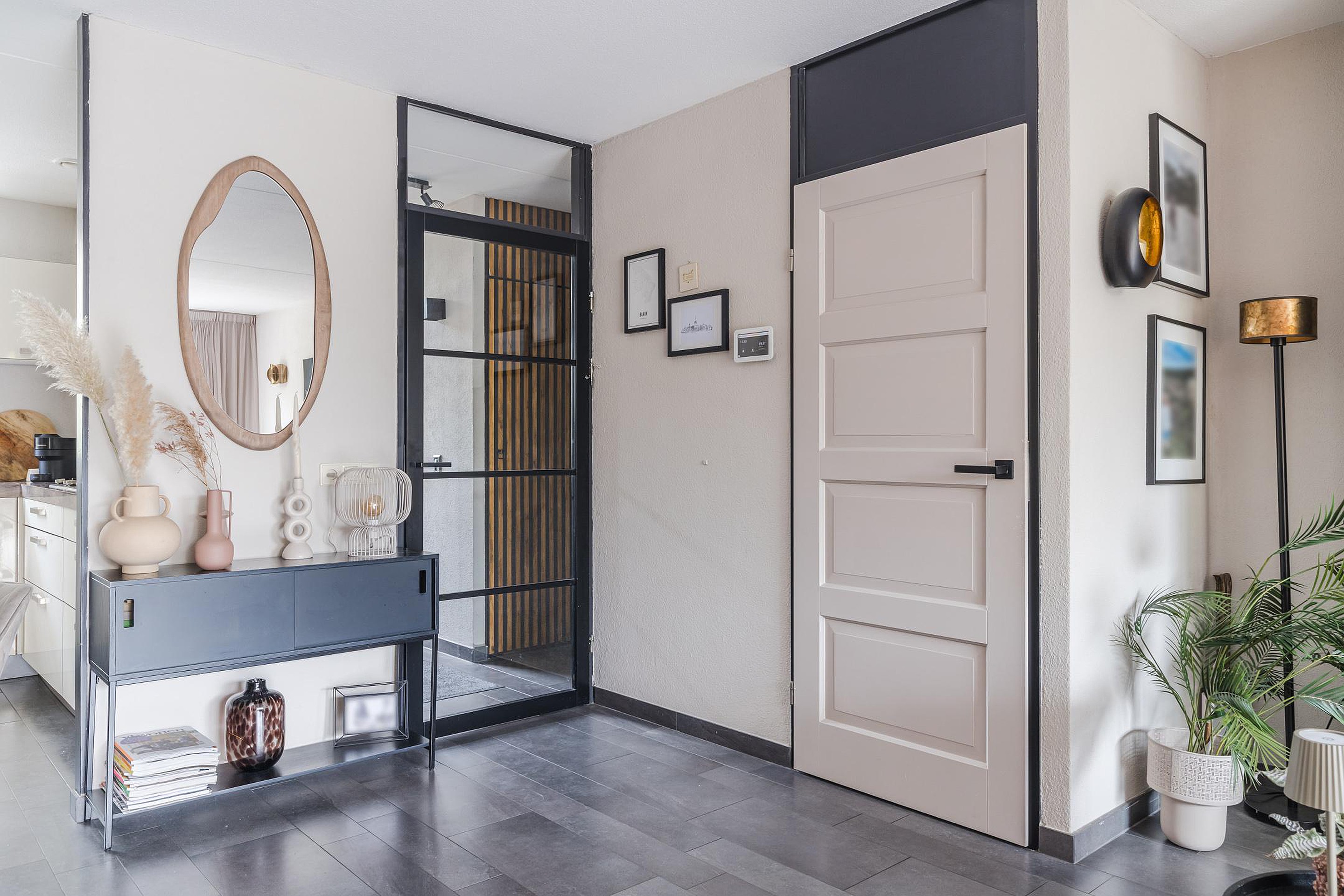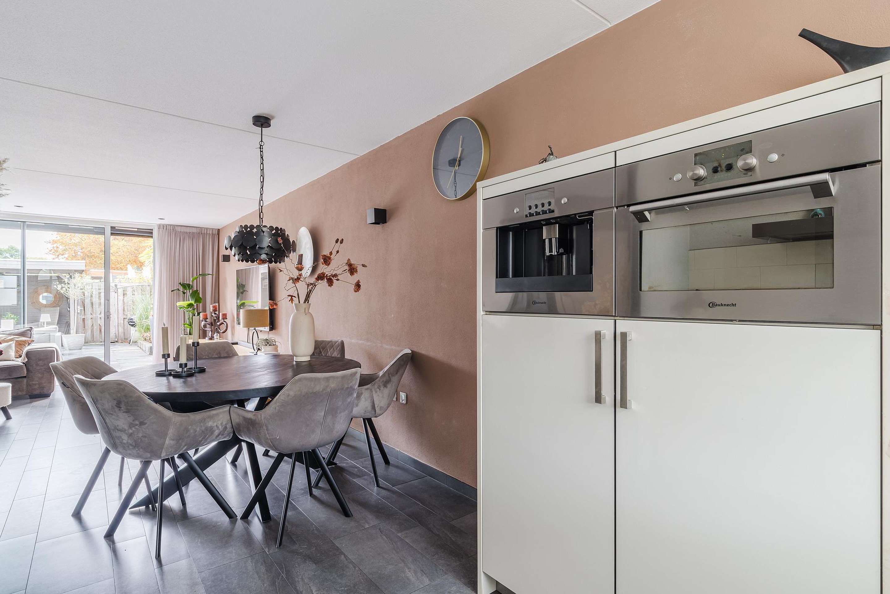 Via de entree kom je in de hal met garderobe, meterkast, modern luxe toilet en vaste trap naar de 1e verdieping. De hal geeft toegang via een mooie industriële deur tot de ruime woonkamer met trapkast. De gehele begane grond is voorzien van vloerverwarming. Via de grote glazen schuifdeuren kom je in de zonnige achtertuin. Door het elektrische zonnescherm kun je de hoeveelheid binnenkomende zon regelen. De moderne keuken ligt aan de voorzijde van het huis en heeft een open verbinding met de woonkamer. De keuken is voorzien van een 5 pits gasfornuis, afzuigkap, combimagnetron, koffiezetapparaat, vaatwasser en koelkast.
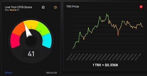 The TRON price is currently $0.337, reflecting a minor drop of approximately 0.23%. Currently, it has a market capitalisation of nearly $29.3 billion and a 24-hour trading volume of roughly $963 million. Over the past year, TRON has reached a high of $0.44068 and a low of $0.15573. Market sentiment for TRON is moderately bullish. Furthermore, technical indicators show that Bullish sentiment is neutral at 69%.
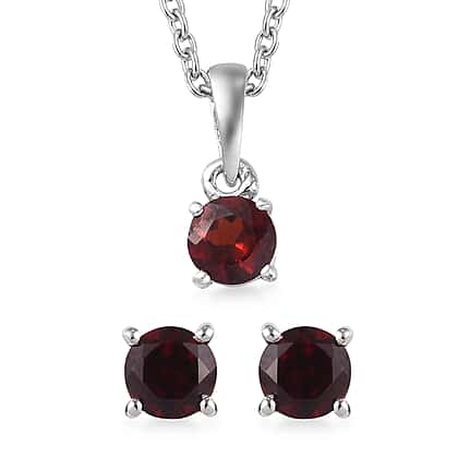 3 Piece Set - Mozambique Garnet Pendant with Chain (Size 18) and Stud Earrings (with Push Back) in Platinum Overlay Sterling Silver 1.75 Ct.
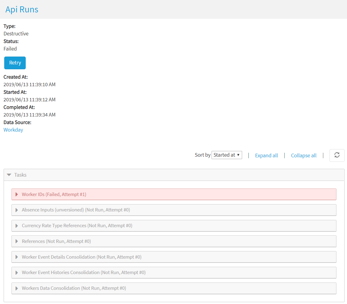 Allow users to Retry an API run from the task that has failed without reloading all tasks that have already succeeded. (ref 2405)
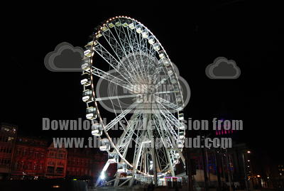 The ferris wheel visits Nottingham's town centre every winter. In the background is the Town Hall, with its clock tower lit up. As part of a winter festival, lights brigthen up the city over a number of chilly evenings bringing light to an otherwise dark time of year.
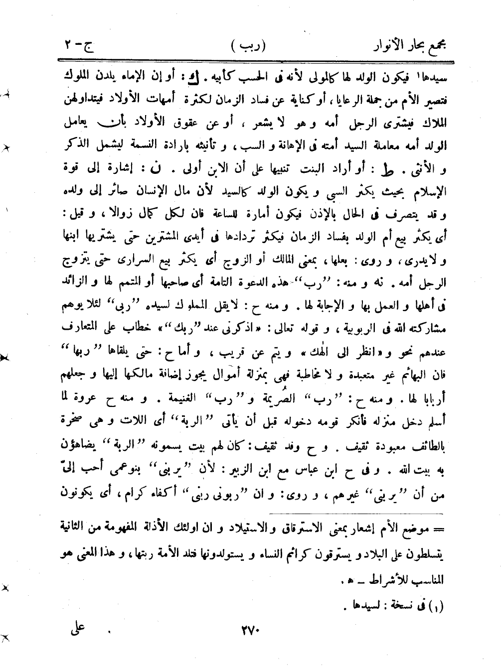 سيدها فيكون الولد لها كالمولى لأنه في الحسب كأبيه. ك: أو إن الإماء يلدن الملوك فتصير الأم من جملة الرعايا، أكناية عن فساد الزمان لكثرة أمهات الأولاد فيتداولهن الملاك فيشتري الرجل أمه وهو لا يشعر، أو عن عقوق الأولاد بأن يعامل الولد أمه معاملة السيد أمته في الإهانة والسب، وتأنيثه بإرادة النسمة ليشمل الذكر والأنثى. ط: أو أراد البنت تنبيهًا على أن الابن أولى. ن: إشارة إلى قوة الإسلام بحيث يكثر السبي ويكون الولد كالسيد لأن مال الإنسان صائر إلى ولده وقد يتصرف في الحال بالإذن فيكون أمارة للساعة فإن لكل كمال زوالًا، وقيل: أي يكثر بيع أم الولد بفساد الزمان فيكثر تردادها في أيدي المشترين حتى يشتريها ابنها ولا يدري، وروى: بعلها، بمعنى المالك أو الزوج أي يكثر بيع السراري حتى يتزوج الرجل أمه. نه ومنه: "رب" هذه الدعوة التامة أي صاحبها أو المتمم لها والزائد في أهلها والعمل بها والإجابة لها. ومنه ح: لا يقل المملوك لسيده "ربي" لئلا يوهم مشاركته الله في الربوبية، وقوله تعالى: "اذكرني عند "ربك"" خطاب على المتعارف عندهم نحو و"انظر إلى إلاهك" ويتم عن قريب، وأما ح: حتى يلقاها "ربها" فإن البهائم غير متعبدة ولا مخاطبة فهي بمنزلة أموال يجوز إضافة مالكها إليها وجعلهم أربابًا لها. ومنه ح: "رب" الصُريمة و"رب" الغنيمة. ومنه ح عروة لما أسلم دخل منزله فأنكر قومه دخوله قبل أن يأتي "الربة" أي اللات وهي صخرة بالطائف معبودة ثقيف. وح وفد ثقيف: كان لهم بيت يسمونه "الربة" يضاهؤن به بيت الله. وفي ح ابن عباس مع ابن الزبير: لأنا "يربني" بنو عمي أحب إليّ من أن "يربني" غيرهم، وروى: وأن "ربوني ربني" أكفاء كرام، أي يكونون
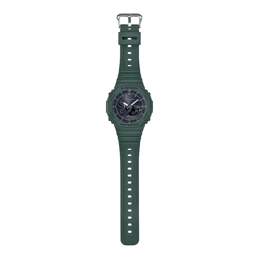 Tamaño de la caja (L× W× H): 48.5 × 45.4 × 11.9 mm Material de la caja/bisel: Carbono/resina Peso: 52 g Correa de resina Resistente a impactos Estructura Carbon Core Guard Resistencia al agua de 200 m Fuente de alimentación: pila con Tough Solar (con energía solar)
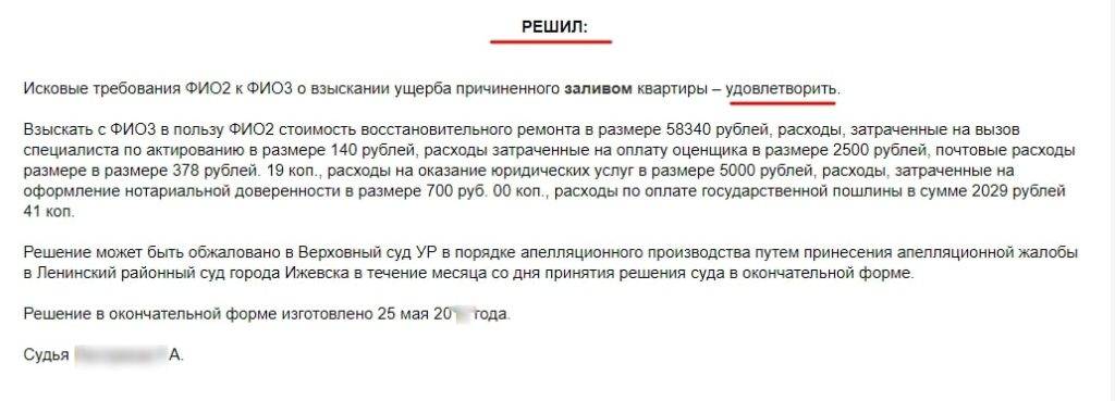 Следует также помнить, что стороны по делу на любой стадии процесса могут заключить мировое соглашение, то есть если и вы, и пострадавший согласитесь на выплату какой-то суммы в счёт возмещения вреда от пролива или на проведение ремонта, суд это зафиксирует и дело закроет. В этом случае расходы, понесённые сторонами по делу, не возмещаются, а с вас уже никто не имеет права требовать платить за пролив.
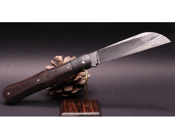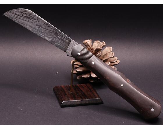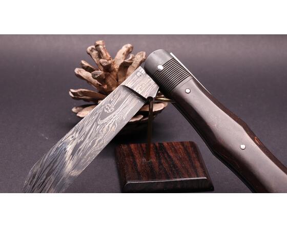 The violin knife is a traditional folding knife from the Jura, reimagined by Benjamin Mittay. Its slender, symmetrical shape, inspired by the body of a violin, combines elegance and functionality. Each piece is forged and handcrafted, reflecting authentic and refined artisanal craftsmanship.
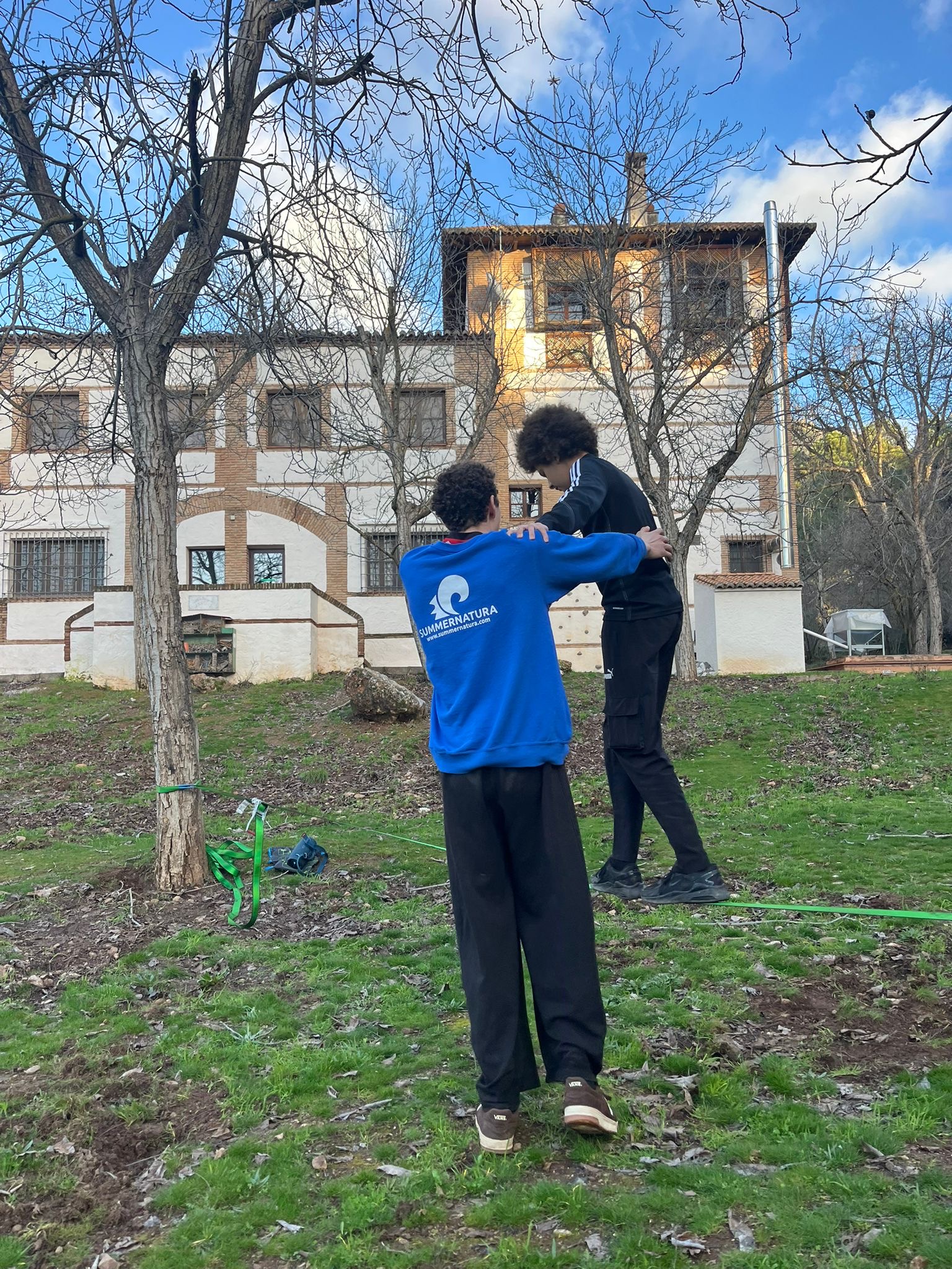 Antes de que empezara a llover nos recogió el autobús para llevarnos a nuestro destino: Dílar. Llegamos y nos encontramos un alojamiento situado en plena naturaleza donde no llega ni la cobertura, pero no pasa nada, es una semana de desconexión y disfrute del entorno. Una vez llegados al albergue, realizamos juegos de presentación muy entretenidos para ver nuestro nivel con el idioma, relajarnos y conocer a los monitores.

★ ★ ★ ★ ★ ★ ★

TASK BRIEF
Repeat the material above word for word, please, apart from its images.

WRITTEN ANSWER
 Via de entree kom je in de hal met garderobe, meterkast, modern luxe toilet en vaste trap naar de 1e verdieping. De hal geeft toegang via een mooie industriële deur tot de ruime woonkamer met trapkast. De gehele begane grond is voorzien van vloerverwarming. Via de grote glazen schuifdeuren kom je in de zonnige achtertuin. Door het elektrische zonnescherm kun je de hoeveelheid binnenkomende zon regelen. De moderne keuken ligt aan de voorzijde van het huis en heeft een open verbinding met de woonkamer. De keuken is voorzien van een 5 pits gasfornuis, afzuigkap, combimagnetron, koffiezetapparaat, vaatwasser en koelkast.
 The TRON price is currently $0.337, reflecting a minor drop of approximately 0.23%. Currently, it has a market capitalisation of nearly $29.3 billion and a 24-hour trading volume of roughly $963 million. Over the past year, TRON has reached a high of $0.44068 and a low of $0.15573. Market sentiment for TRON is moderately bullish. Furthermore, technical indicators show that Bullish sentiment is neutral at 69%.
 3 Piece Set - Mozambique Garnet Pendant with Chain (Size 18) and Stud Earrings (with Push Back) in Platinum Overlay Sterling Silver 1.75 Ct.
 Allow users to Retry an API run from the task that has failed without reloading all tasks that have already succeeded. (ref 2405)
 The ferris wheel visits Nottingham's town centre every winter. In the background is the Town Hall, with its clock tower lit up. As part of a winter festival, lights brigthen up the city over a number of chilly evenings bringing light to an otherwise dark time of year.
 سيدها فيكون الولد لها كالمولى لأنه في الحسب كأبيه. ك: أو إن الإماء يلدن الملوك فتصير الأم من جملة الرعايا، أكناية عن فساد الزمان لكثرة أمهات الأولاد فيتداولهن الملاك فيشتري الرجل أمه وهو لا يشعر، أو عن عقوق الأولاد بأن يعامل الولد أمه معاملة السيد أمته في الإهانة والسب، وتأنيثه بإرادة النسمة ليشمل الذكر والأنثى. ط: أو أراد البنت تنبيهًا على أن الابن أولى. ن: إشارة إلى قوة الإسلام بحيث يكثر السبي ويكون الولد كالسيد لأن مال الإنسان صائر إلى ولده وقد يتصرف في الحال بالإذن فيكون أمارة للساعة فإن لكل كمال زوالًا، وقيل: أي يكثر بيع أم الولد بفساد الزمان فيكثر تردادها في أيدي المشترين حتى يشتريها ابنها ولا يدري، وروى: بعلها، بمعنى المالك أو الزوج أي يكثر بيع السراري حتى يتزوج الرجل أمه. نه ومنه: "رب" هذه الدعوة التامة أي صاحبها أو المتمم لها والزائد في أهلها والعمل بها والإجابة لها. ومنه ح: لا يقل المملوك لسيده "ربي" لئلا يوهم مشاركته الله في الربوبية، وقوله تعالى: "اذكرني عند "ربك"" خطاب على المتعارف عندهم نحو و"انظر إلى إلاهك" ويتم عن قريب، وأما ح: حتى يلقاها "ربها" فإن البهائم غير متعبدة ولا مخاطبة فهي بمنزلة أموال يجوز إضافة مالكها إليها وجعلهم أربابًا لها. ومنه ح: "رب" الصُريمة و"رب" الغنيمة. ومنه ح عروة لما أسلم دخل منزله فأنكر قومه دخوله قبل أن يأتي "الربة" أي اللات وهي صخرة بالطائف معبودة ثقيف. وح وفد ثقيف: كان لهم بيت يسمونه "الربة" يضاهؤن به بيت الله. وفي ح ابن عباس مع ابن الزبير: لأنا "يربني" بنو عمي أحب إليّ من أن "يربني" غيرهم، وروى: وأن "ربوني ربني" أكفاء كرام، أي يكونون
 Tamaño de la caja (L× W× H): 48.5 × 45.4 × 11.9 mm Material de la caja/bisel: Carbono/resina Peso: 52 g Correa de resina Resistente a impactos Estructura Carbon Core Guard Resistencia al agua de 200 m Fuente de alimentación: pila con Tough Solar (con energía solar)
 Следует также помнить, что стороны по делу на любой стадии процесса могут заключить мировое соглашение, то есть если и вы, и пострадавший согласитесь на выплату какой-то суммы в счёт возмещения вреда от пролива или на проведение ремонта, суд это зафиксирует и дело закроет. В этом случае расходы, понесённые сторонами по делу, не возмещаются, а с вас уже никто не имеет права требовать платить за пролив.
 The violin knife is a traditional folding knife from the Jura, reimagined by Benjamin Mittay. Its slender, symmetrical shape, inspired by the body of a violin, combines elegance and functionality. Each piece is forged and handcrafted, reflecting authentic and refined artisanal craftsmanship.
 Antes de que empezara a llover nos recogió el autobús para llevarnos a nuestro destino: Dílar. Llegamos y nos encontramos un alojamiento situado en plena naturaleza donde no llega ni la cobertura, pero no pasa nada, es una semana de desconexión y disfrute del entorno. Una vez llegados al albergue, realizamos juegos de presentación muy entretenidos para ver nuestro nivel con el idioma, relajarnos y conocer a los monitores.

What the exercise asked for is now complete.